Our main contributions in this paper are: **Traditional techniques comparison:** We analyze the speedup and energy impact of five different thread pinning strategies for NUMA systems when executing SAVIME and SciDB. Implementing different strategies, we observe a maximum speedup of  $2.25 \times (3.1 \times \text{less energy})$  with  $5 \times \text{less remote memory accesses for SAVIME.}$  For SciDB, we observed a speedup of up to  $5.83 \times (1.17 \times \text{less energy})$  and a reduction on the remote memory access by  $4.1 \times$ .

Analysis of all thread pinning combinations: We perform an extensive evaluation of the impact of thread pinning. We show that performance can improve in  $3.89\times$  of speedup in SAVIME. Our experiments showed that not all combinations affect performance positively.

**NUMA architectures comparison:** Using different multiprocessing Intel platforms, we evaluate the impact of two distinct NUMA systems in the execution of our thread pinning implementations.

Maximum performance analysis: We show that traditional techniques for distributing threads across NUMA cores are still far from a perfect point of improvement. Our experiments showed that, on average, 52% performance and 74% energy improvements are still available to be collected by newer and improved techniques.

The paper is organized as follows: Section 2 discusses the n-dimensional array model; Section 3 describes our thread pinning strategies; Section 5 presents a study on the effects of the NUMA architecture on two Array databases; Section 6 discusses related work; Finally, Section 7 concludes the paper.

# 2 Array Database Systems

This section briefly describes the array data model and the query operator to slice multi-dimensional data that we used in our evaluations.

The array data model represents data using n named dimensions that are contiguously indexed. The multiple dimensions speed up the data access and analysis through different views. In this model, each cell belonging to an array contains attributes with the same data type. Figure 1 illustrates the array data model with three dimensions being respectively *latitude*, *longitude*, and  $year^1$ . The values are accessible through a set of indexes. Experts can quickly analyze, in the example of Figure 1, the change in temperature over the years.

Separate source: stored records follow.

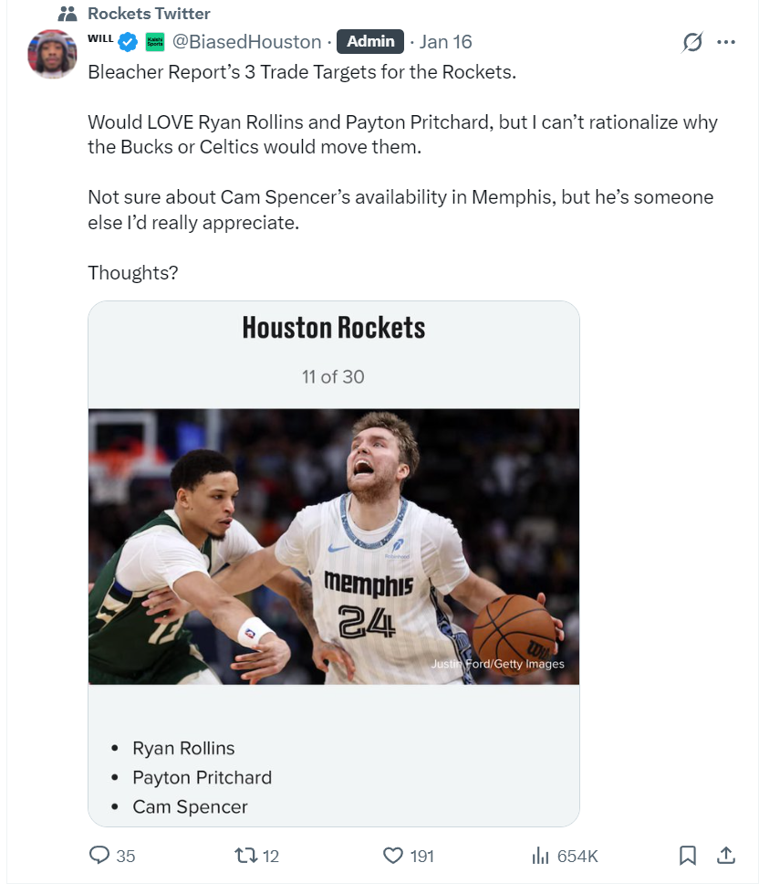 一天之前休媒Will转推了BR的一项交易建议,他认为灰熊队的斯潘塞是火箭补强一号位的不错选择,因为斯潘塞合同非常低廉。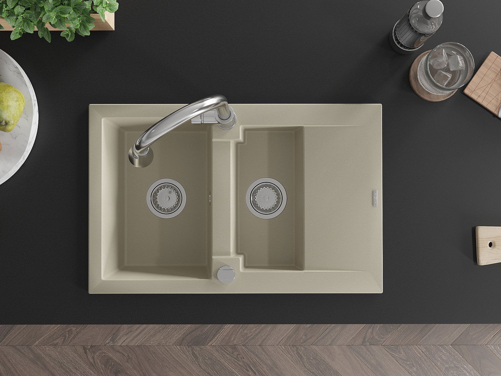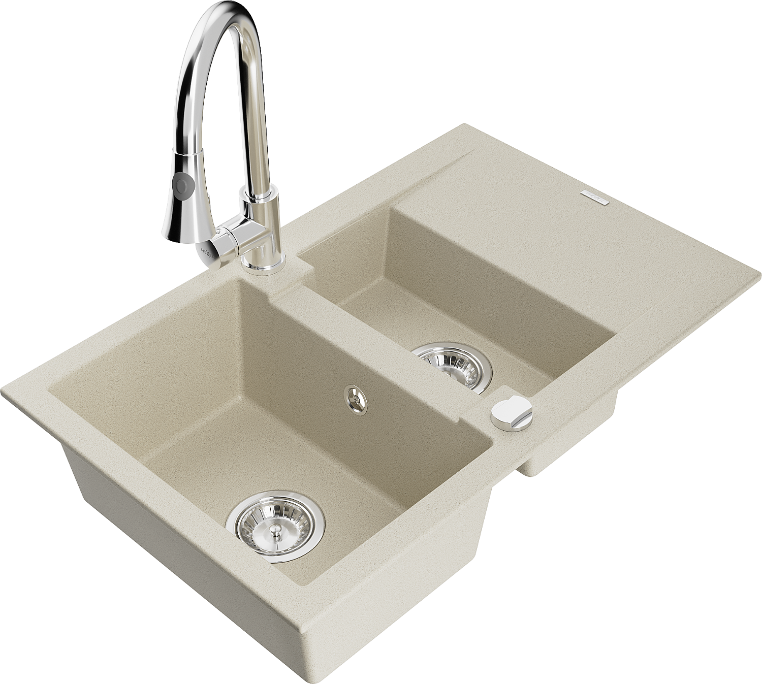 Mexen Gaspar granitais izlietne ar 1,5 nodalījumiem, noteces daļu un virtuves krānu Elia, bēša - 6507-69-670101-00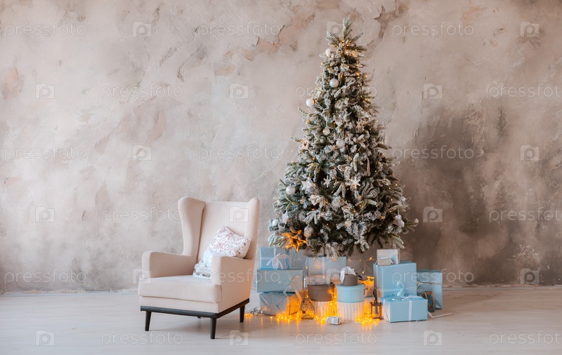 Рождественская украшенная елка с подарками и стулом на фоне стены в гостиной. Свободное место для текста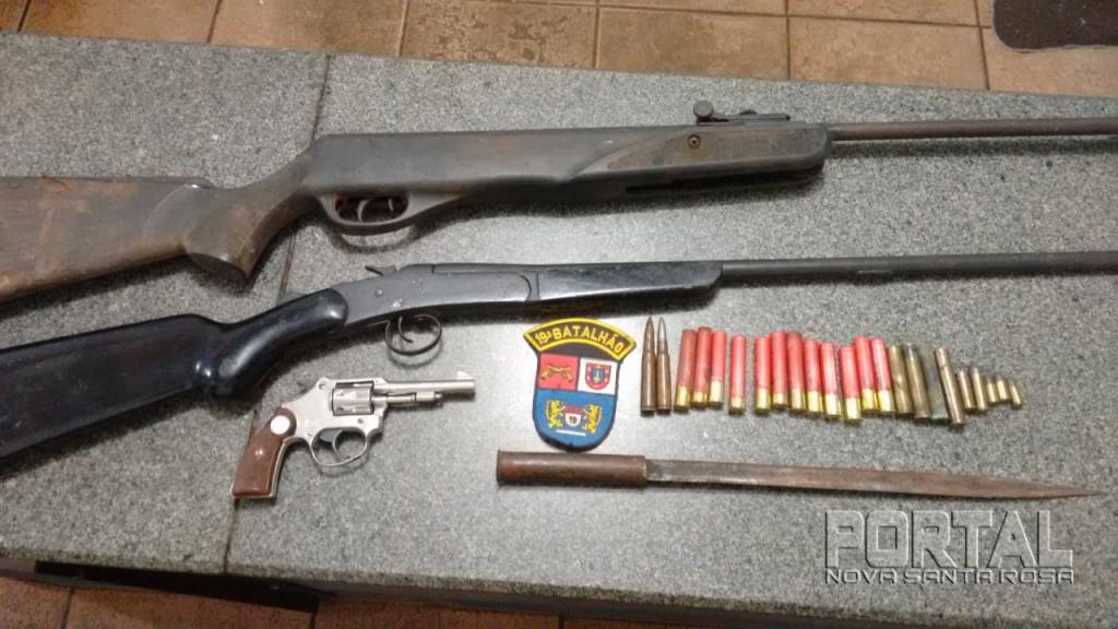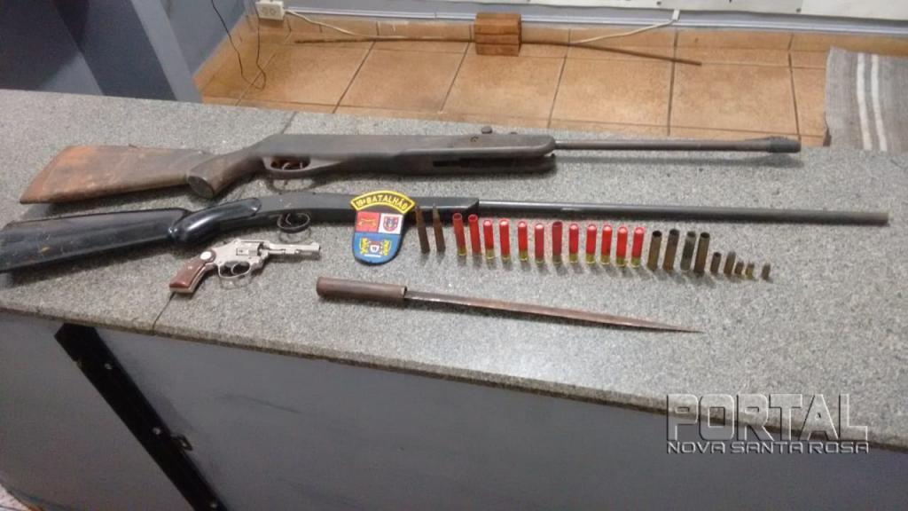 Por volta das 22h45 da noite desta sexta-feira (12), compareceu no Destacamento de Polícia Militar de Nova Santa Rosa uma moradora da cidade e relatou aos policiais, que ela, seu filho de oito anos, e sua mãe tiveram que sair correndo de casa pois seu pai, estava descontrolado, empurrando, dando tapas e as ameaçando com armas de fogo e um punhal.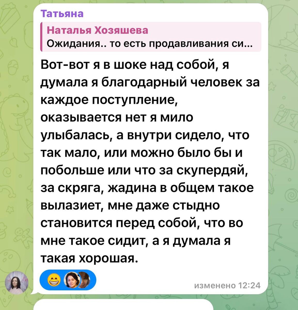». Много работаем над этой сферой. С разных сторон ее изучаем и убираем блоки, мешающие принимать те самые деньги. 💵 Провела просто игру «Подарок от мира». И вот такие осознания у участников. ⬆️ Отличная тема, чтобы вскрыть свои установки. ‼️Особенно в период коридора затмений. Самое оно, поработать над глубинными убеждениями. Хочешь с нами? Пиши @simona689 «Клуб»

Along with the array data model concept, a wide range of Array database has emerged, such as RasdMan[3], ArrayStore[31], SciDB [4], SciQL[34] and

 $<sup>^1 \ {\</sup>tt geoserver.geo-solutions.it/edu/en/multidim/netcdf/netcdf\_basics.html}$ 

SAVIME [23]. In this paper, we focus on two full-stack databases, SAVIME [23] and SciDB [4]. They implement the array model from scratch without adaptations in the relational model. In scalable multi-processing machines, this allows the distribution of data chunks on separated machine nodes. A chunk is the smallest physical representation of an array. Both database systems, SAVIME and SciDB, split the arrays into chunks according to the stored data types. The chunk size and format depend on the density of the array. For dense arrays, all the chunks will have the same size. On the other hand, when arrays are sparse, chunks may have different sizes and formats. Non-regular chunks (i.e., sparse arrays) are prone to be non-uniformly distributed, causing load unbalance that reduces system efficiency.



 ${f Fig.~1}$  Model of a multi-dimensional array: temperature on many latitudes and longitudes over the years.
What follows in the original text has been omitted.